PROBLEM TO BE SOLVED: To provide a constant carrying speed not affected by the change of a use environment. SOLUTION: The temperature of a platen roller is detected by a temperature sensor 10 and inputted to a processing means 20. The processing means 20 calculates the diameter of the platen roller at the time of this temperature based on the detected temperature and a rotating speed for making constant a carrying speed. By using this rotating speed to rotary-control the platen roller, a master is carried at a constant speed irrespective of any changes in a temperature and positional inaccuracy after printing is prevented.

Description

DETAILED DESCRIPTION OF THE INVENTION

[0001]

BACKGROUND OF THE INVENTION 1. Field of the Invention The present invention relates to a thin sheet conveying apparatus for conveying a thin sheet at a constant speed using rollers. Further, the present invention relates to a thin-sheet transporting device that transports the master by pressing the master against a platen roller by a thermal head and driving and rotating the platen roller.

[0002]

2. Description of the Related Art In a current plate making mechanism, a master is brought into pressure contact with a platen roller by a thermal head, and the platen roller is further driven and rotated to convey the master. The platen roller is made of an elastic material such as a rubber material, so that the nip width is ensured because it is necessary to securely contact the master with the heating element of the thermal head. The expansion and contraction of the master made by this mechanism in the transport direction is determined by the diameter of the platen roll and the feed speed of the motor as the drive source.

[0003]

Here, since the platen roller is made of a rubber material for the above-mentioned reason, a change in the roller diameter occurs due to a change in air temperature / change in use condition. If the roller diameter changes, even if the rotation speed of the roller is the same, the conveyance speed of the conveyed material by the roller changes,
As a result, the expansion and contraction ratio of the plate-making product changes, and the dimensional accuracy of the printed material obtained is degraded.

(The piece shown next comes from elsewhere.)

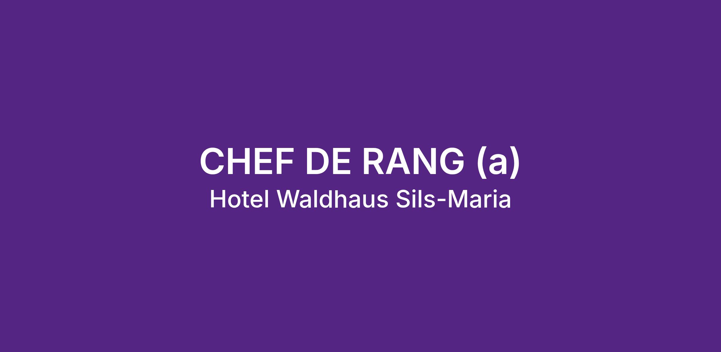Zur Verstärkung unseres Waldhaus-Teams suchen wir für die kommende Sommersaison eine motivierte Persönlichkeit als Chef de Rang (a) in Saisonanstellung mit der Möglichkeit zur Verlängerung auf die nachfolgende Saison.

SUMMARY OF THE INVENTION The present invention has been made to solve the above-mentioned problems, and has as its object to provide a thin-sheet transfer apparatus which can realize a constant transfer speed which is not affected by a change in a use environment. I have.

[0005]

According to a first aspect of the present invention, there is provided a thin sheet conveying apparatus for conveying a thin sheet by an elastic roller. It is characterized by comprising a temperature sensor for detecting the temperature of the roller, and processing means for setting a rotation speed of the roller based on a detection signal of the temperature sensor.

According to a second aspect of the present invention, a stencil sheet which is thermally stenciled by a thermal head is used as a thin leaf member, and the stencil sheet is pressed between the thermal head and a platen roller made of an elastic material. In the thin-sheet transporting device that drives the platen roller to rotate and transport the stencil sheet in a state in which the stencil sheet is transported, a temperature sensor that detects the temperature of the platen roller and a rotation speed of the platen roller are set based on a detection signal of the temperature sensor. And a processing unit.

Further, the processing means executes a predetermined arithmetic expression based on a detection signal of the temperature sensor at the time of starting the conveyance of the thin leaf, and executes the processing at the detected temperature. A configuration may be adopted in which a control signal for obtaining the roller diameter of the roller and changing the rotation speed of the roller in accordance with the roller diameter is output, and the thin sheet is conveyed at a constant speed regardless of a temperature change.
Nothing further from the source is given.